Not really war-related:
Israel Supreme Court strikes down judicial reformsI don't have an English opinion from the Supreme Court of Israel, so I've been trying to theorize how the court came to its conclusion given how few entrenchment clauses and supermajority requirements the Basic Laws of Israel have. The best I've got is some nebulous interpretation of the Declaration of the Establishment of the State of Israel
[1] (technically not part of the Basic Laws corpus) that gives rise to rights that "shall be upheld in the spirit of the principles set forth in" said declaration, per the Basic Law: Human Dignity and Liberty §1, and are thus protected from amendments that aren't "befitting the values of the State of Israel, enacted for a proper purpose, and to an extent no greater than is required" as per §8 of the same Basic Law.
It's a massive stretch as to how this makes an amendment that prohibits the "reasonableness" standard unconstitutional (on its face at least), given that the Basic Law: The Judiciary mentions only protection from emergency regulations.
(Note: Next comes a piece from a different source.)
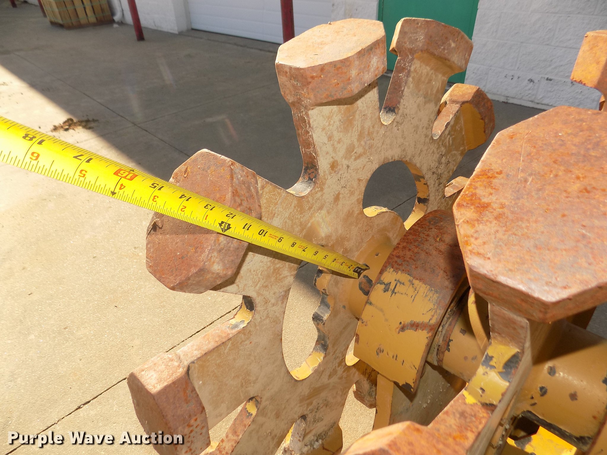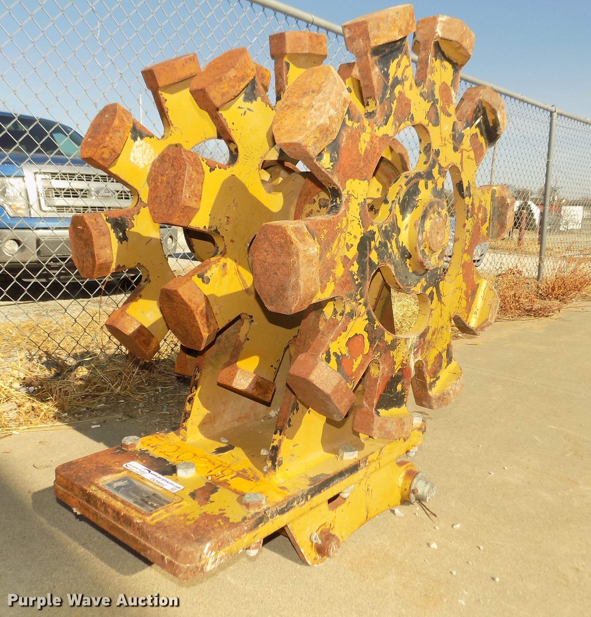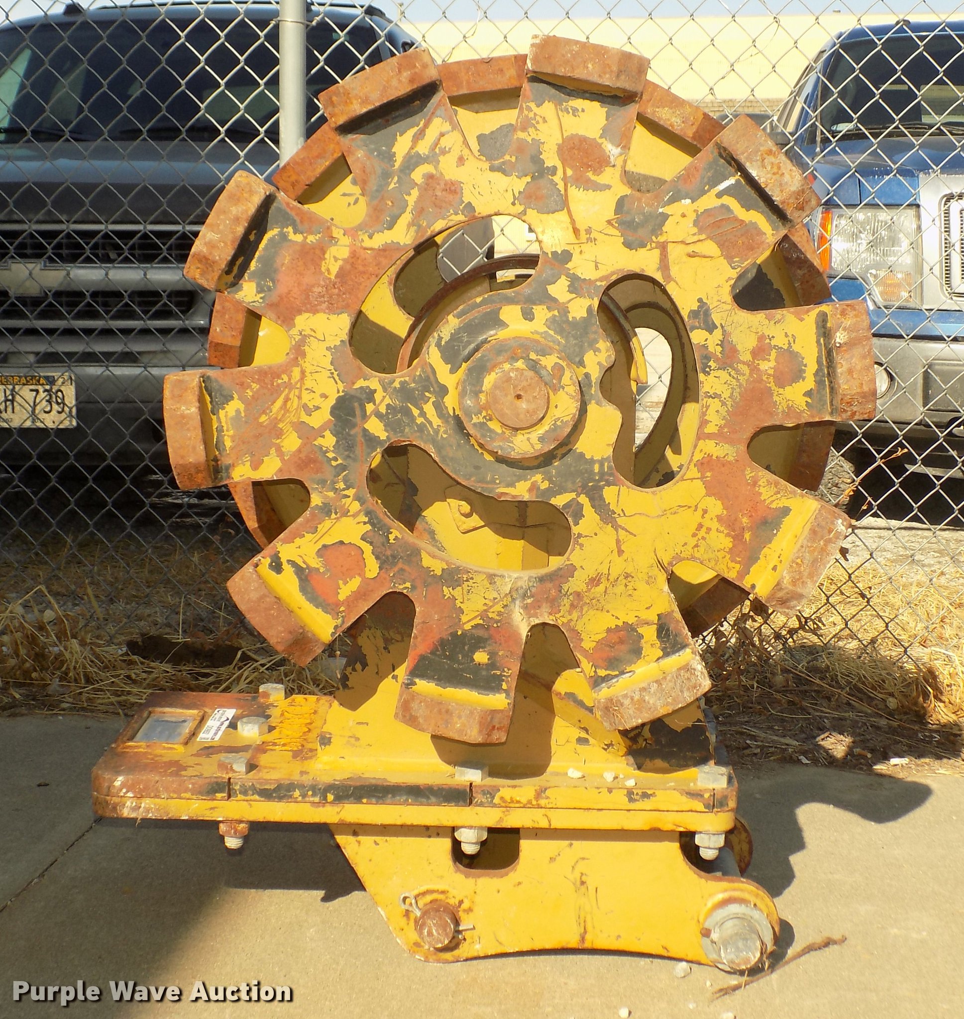 Purple Wave is selling a used Compaction Wheel in Nebraska. This item is a Rockland WB24-3 excavator compaction wheel with the following: (3) 29" diameter rims, 13 3/4" O.C. distance between pins, 10 1/4" I.D. ear width, Approximately 1 3/4" and 2" pins, 12"L feet, 4 7/8"L x 3 3/4"W x 1.5"H pads, Attachment plate for Caterpillar 420D backhoe quick attach, Serial 7262601, Unit# E120219

[1] Excerpt: "THE STATE OF ISRAEL will be open for Jewish immigration and for the Ingathering of the Exiles; it will foster the development of the country for the benefit of all its inhabitants; it will be based on freedom, justice and peace as envisaged by the prophets of Israel; it will ensure complete equality of social and political rights to all its inhabitants irrespective of religion, race or sex; it will guarantee freedom of religion, conscience, language, education and culture; it will safeguard the Holy Places of all religions; and it will be faithful to the principles of the Charter of the United Nations."